Schools for Tomorrow Blog

Can we learn any more from tests?

Wednesday, August 13, 2008
Written by: Todd Engdahl

How much testing do we need?

Now before you accountability absolutists start hyperventilating, rest assured that I’m not one of those bleeding hearts who wants to abolish CSAPs because they traumatize sensitive 4th graders with iffy math skills, cost millions or tempt jumpy principals to flirt with bribery.

What I wonder about, though, is whether we’re learning anything new from standardized tests.

August is a time to look forward, with school starting, but it’s also the month to look back, because it’s test results season.

The 2008 CSAP results were released a couple of weeks ago, the national ACT results came out Wednesday and the annual SAT report is coming soon.

Because we Americans are addicted to stats and scores (just listen to those announcers at the Olympics), every release of test results is parsed exhaustively. Gains of a few tenths of a percent at the local elementary school are hailed as encouraging progress, and comparisons are eagerly made between districts, and between a district’s scores and state averages.
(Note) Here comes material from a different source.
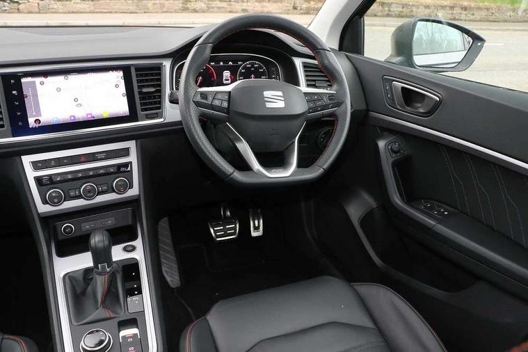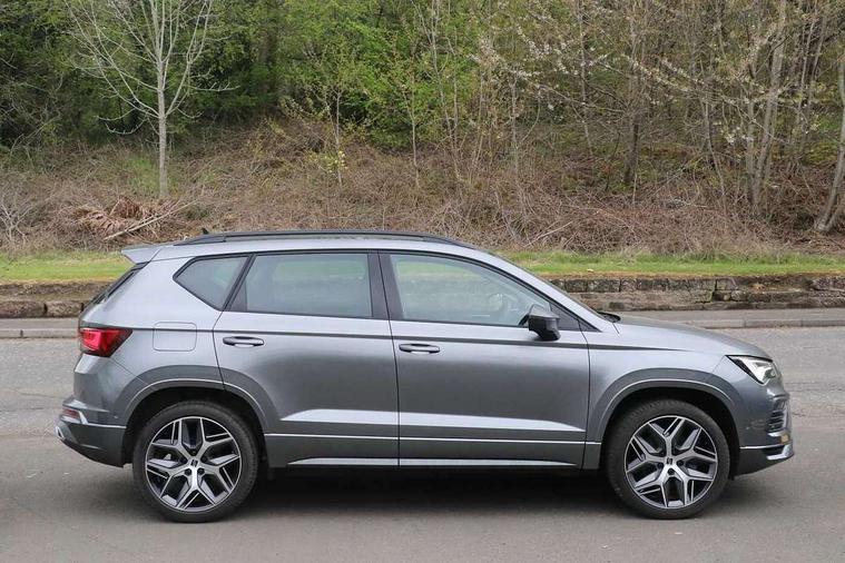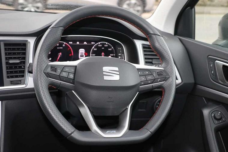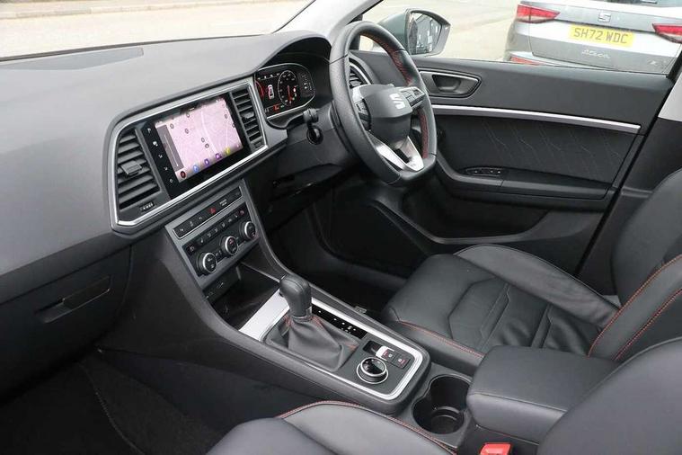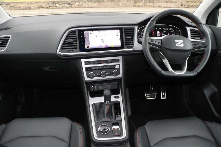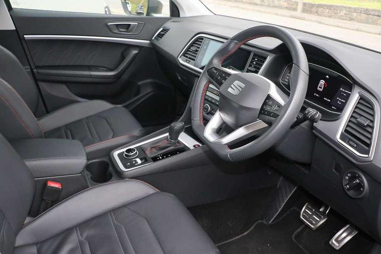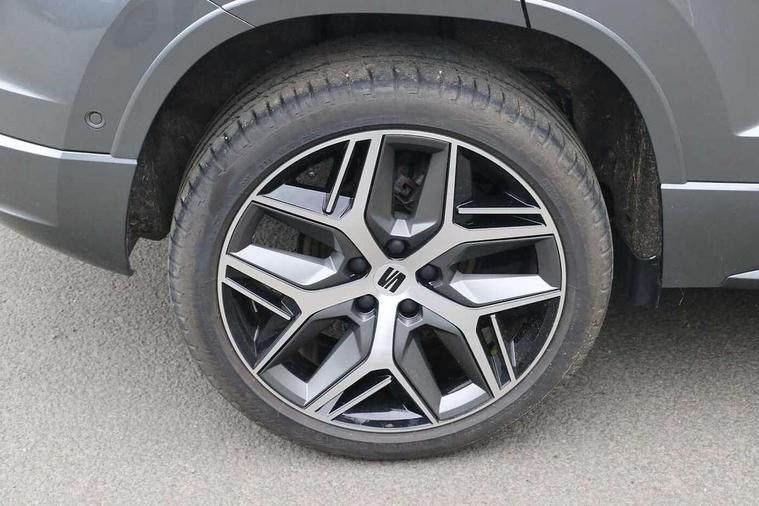 10" Digital cockpit, Cruise control system with speed limiter, E-call, Outside temperature gauge, Progressive power assisted steering, SEAT drive profile with driving experience button - Normal, Sport, Eco and Individual mode, gearshift, steering and throttle response, Self parking functionality (includes front and rear parking sensors), Start/stop system, Tailgate, Trip computer, wired and wireless full link smartphone integration, Wireless phone charger, Steering wheel mounted audio/phone controls, Black roof rails, Black side window trim, Body colour bumpers, Body coloured wheel arch surrounds, Chrome front grille frame, Dark tinted rear windows, Daytime running lights, Door mirrors with welcome light silhouette, Dynamic headlight range control with self adjusting whilst driving, Electric adjustable/heated/folding door mirrors, Front and rear electric windows, Full LED headlamps with lens and LED front fog lamps with cornering function, Illuminated aluminium front door sill, LED 3rd brake light, LED rear tail lights with dynamic indicators, Rear exhaust tailpipe, Rear fog lights, Rear side wing doors, Rear spoiler, Rear wash/wipe, Variable front intermittent wipers, 12v socket in front, 3 seat bench in 2nd row, 60/40 split folding rear seat, Aluminium pedals, Dual zone climate control, Electric adjustable driver seat with memory function, Front and rear head restraints, Front centre armrest, Front seat back storage pockets, Heated front seats, Height adjustable passenger seats with lumbar adjustment, ISOFIX points in outer rear seats with top tether anchorage points, Leather sports steering wheel and gear knob, Leather upholstery with front comfort seats, Manual lumbar support on driver seat, Rear armrest and easy back seat release mechanism from boot, Single front passenger seat, Steering wheel mounted gearshift paddles, Convenience pack - Ateca, Interior lighting pack - Ateca, Navigation system pack with DAB - Ateca, Safety and driving pack with attention and drowsiness assist - Ateca, 3x3 point rear seatbelts, ABS, Traction control system (TCS), Electronic stability control (ESC) and Electronic differential lock system (XDS), Airbags - Driver and front passenger airbag with deactivation, front side, two curtain and driver's knee airbags, Electric parking brake with auto hold function, Front and rear seatbelt reminder, Front assist with autonomous emergency braking, Hill hold control, Manual rear child locks, Single tone horn, Tiredness recognition system, Tyre pressure monitoring system, Alarm, Keyless entry, Locking wheel bolts, Remote central locking, Chrome interior detailing, 19" Exclusive machined alloy wheels with decorative inserts 36/7 in cosmo grey,

None of that may mean much at all. (Sorry DPS.)

Over time, if you look at CSAP percentages of advanced or proficient or at ACT average composites, it’s striking how little change there is. The numbers fluctuate within single digits over several years.

When you dig deeper into the scores, you see the same patterns you saw the year before and the year before that. Among them:

    Minority kids don’t do as well as white kids.
    Poverty is a factor.
    There are differences between boys and girls.
    Overall performance declines as kids get older.
    There’s an astonishingly low level of math and science proficiency.
    High schoolers who take a more rigorous class schedule do better on the ACT.
    Most kids aren’t ready for college work.

No, we shouldn’t do away with standardized tests. The CDE’s growth model offers some potentially useful new ways to look at the annual avalanche of CSAP stats. (Although, growth stats also may just tell us what we already know. As CDE assessment whiz Rich Wenning said at the CSAP news conference on July 29, “Our lowest achieving students are not making enough growth to catch up.” He repeated that comment to the State Board of Education on Aug. 13.)

The real questions are what can be done to help them catch up, and how many of them can realistically be expected to catch up?

One Response to “Can we learn any more from tests?”

  1. pol econ ed Says:

    Todd makes an excellent point, and hopefully helps us move behind the simplistic “CSAPs good vs. CSAPs bad” discussion.

    The aggregated CSAPs are not going to tell us a great deal, because they move so slowly, if at all. And, yes longitudinal, value-added tests are giong to be more helpful.

    I think we need to start viewing CSAP as a “medium stakes” sort of test, and perhaps fade it out slowly in favor of better tests. We need more “lower stakes” tests within schools, with shorter feedback loops, so that teachers and instructional leaders can see hwo students are doing, and very quickly adderss their problems. Some districts already do this well, but not a large number of them. With today’s technology, this is much more feasible than ever before.

    On the other end, a couple of real high stakes tests, like ACT/SAT, probably provide better general assessment information, especially for individuals, than CSAPs, in part because the students have higher incentives to do well.